How was it possible that years could flit by so quickly, robbing people of their happiest times?

She felt the keen passing of her own life, the division between the girl she had been before and the woman she had turned into.

Effectively she was betraying Cora’s trust by sneaking in here. That wasn’t the person she wanted to be.

She asked herself the question: would she want someone snooping through her room and rifling through her personal items? Most definitely not, came the uninvited reply.

Yet something in her demanded she take the opportunity to look around. That way, she had less chance of being fooled as she had been before. She might get a measure of who the real Cora was.

In the past, she had fallen far too easily into believing that people were who they said they were. It was a mistake that had cost her dearly; that might have already ruined her future and robbed her of the love of her life.

And she couldn’t quite believe that the old lady really had nobody in her life. No children of her own and therefore no grandchildren; not even any elderly friends to go and play bingo with, or whatever it was that old people liked to do these days.

It was quite sad, yet she couldn’t help thinking that Cora and Harold had obviously kept themselves purposely isolated all these years, and now Harold was long gone and Cora found herself alone.

Maybe she wasn’t quite the frail old lady she liked to pretend to be… People could surprise you.

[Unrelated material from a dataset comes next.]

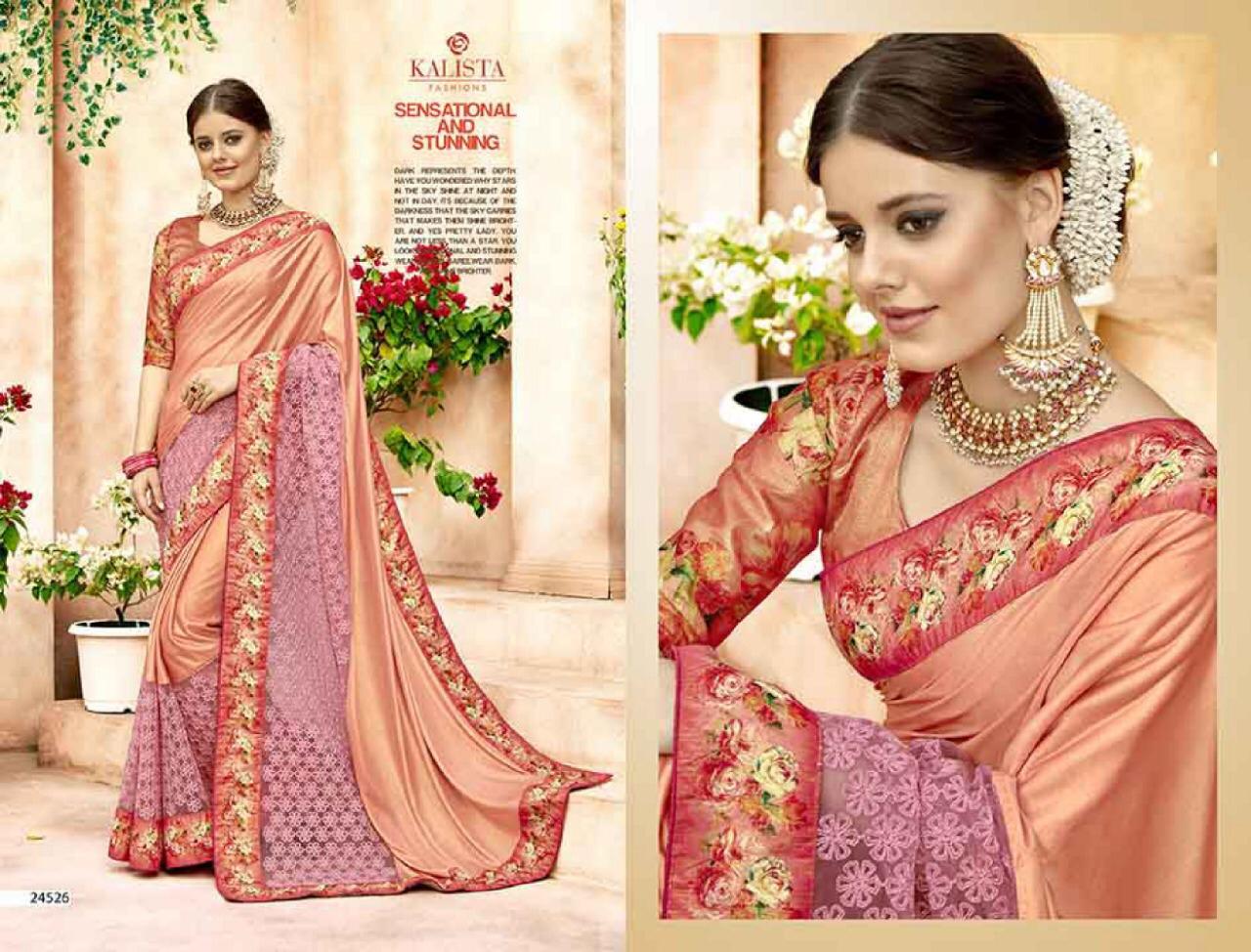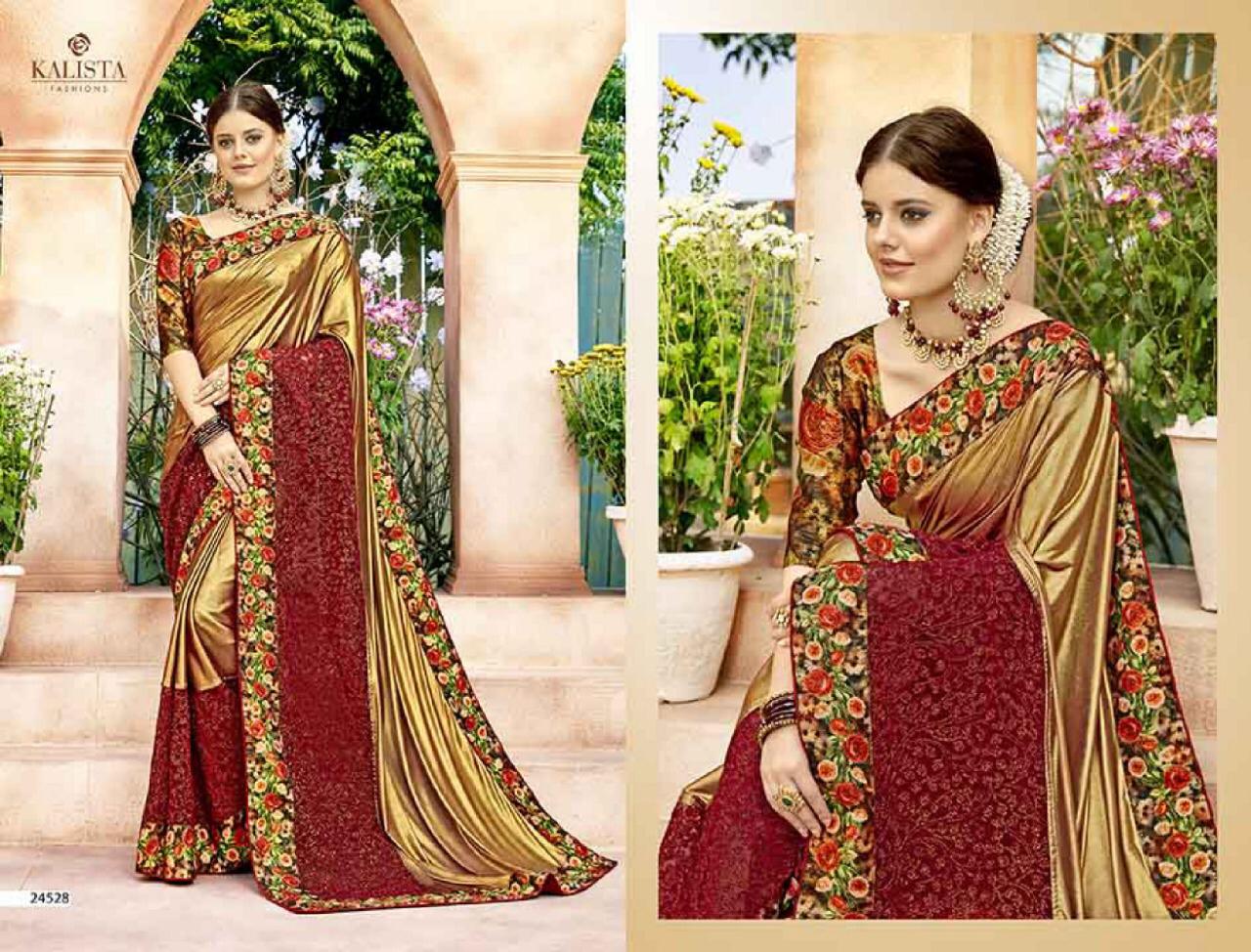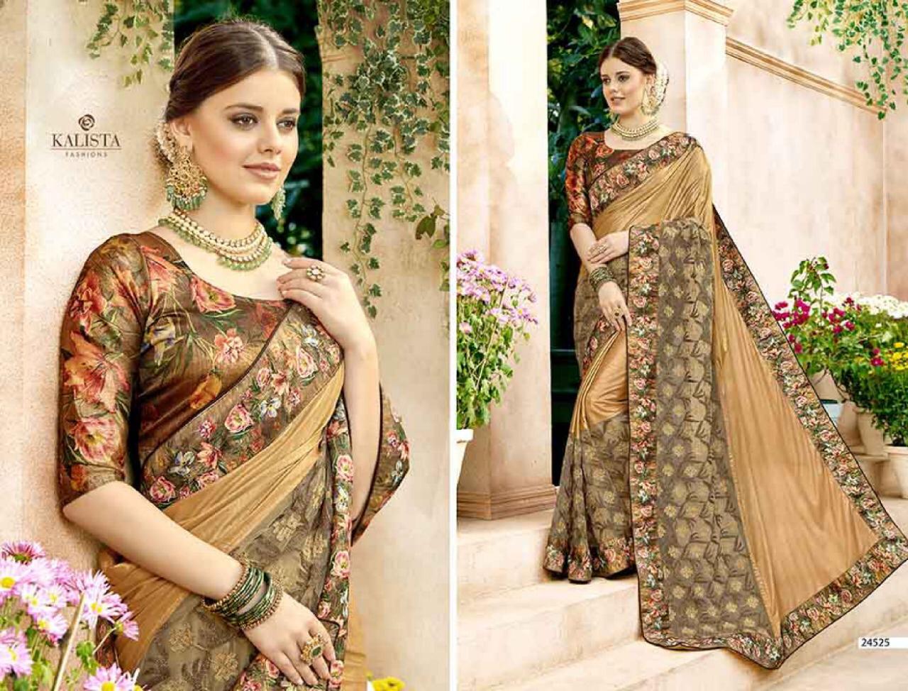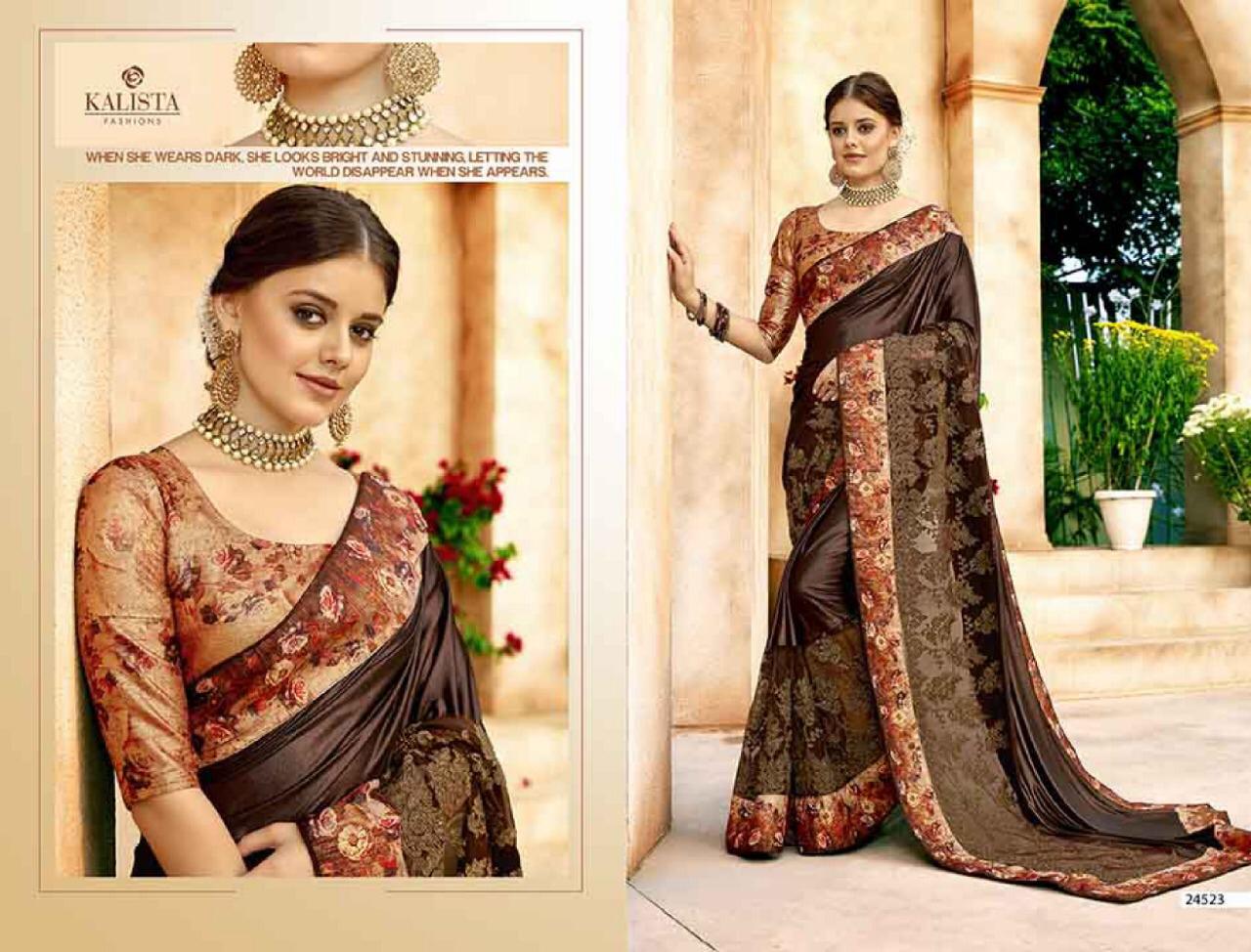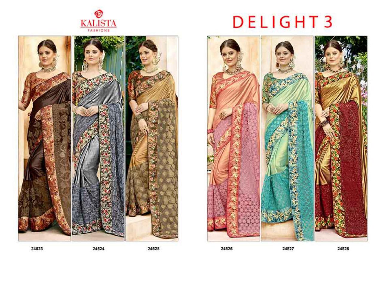 Buy Online Delight Vol 3 By Kalista 24523 Series Fancy Party Wear Saree Collection Wholesaler Surat 6 Pcs of Full Catalogue at Wholesale Price. Looking for Delight Vol 3 By Kalista 24523 Series Fancy Party Wear Saree Collection Wholesaler Surat Full Catalouge at Best Price? Buy Now Delight Vol 3 By Kalista 24523 Series Fancy Party Wear Saree Collection Wholesaler Surat at Wholesale Rate of Rs 8370 with Total 6 Pcs from authroized dealer and supplier of KALISTA FASHION Brand. Cost of Each piece is just only Rs 1395 which is very low and affordable price to resale the product in your retail store ,This is Surat based Wholesale Supplier & Dealer of KALISTA FASHION Brand. Click on Brand name to Know more about KALISTA FASHION Brand's products.Call or Whatsapp on 9898838984 for booking or enquiry

Holly inched open the drawers one by one. After nearly asphyxiating herself with the smell of mothballs, she came across a large, tattered brown envelope in the last but one drawer from the bottom.

She slid it out and peeked inside. More photographs and a few papers. She was about to replace it when something caught her eye at the top of one of the letters.

Her heart lurched when she read the lines beneath.

It seemed that she’d been right. Cora had a secret of her own.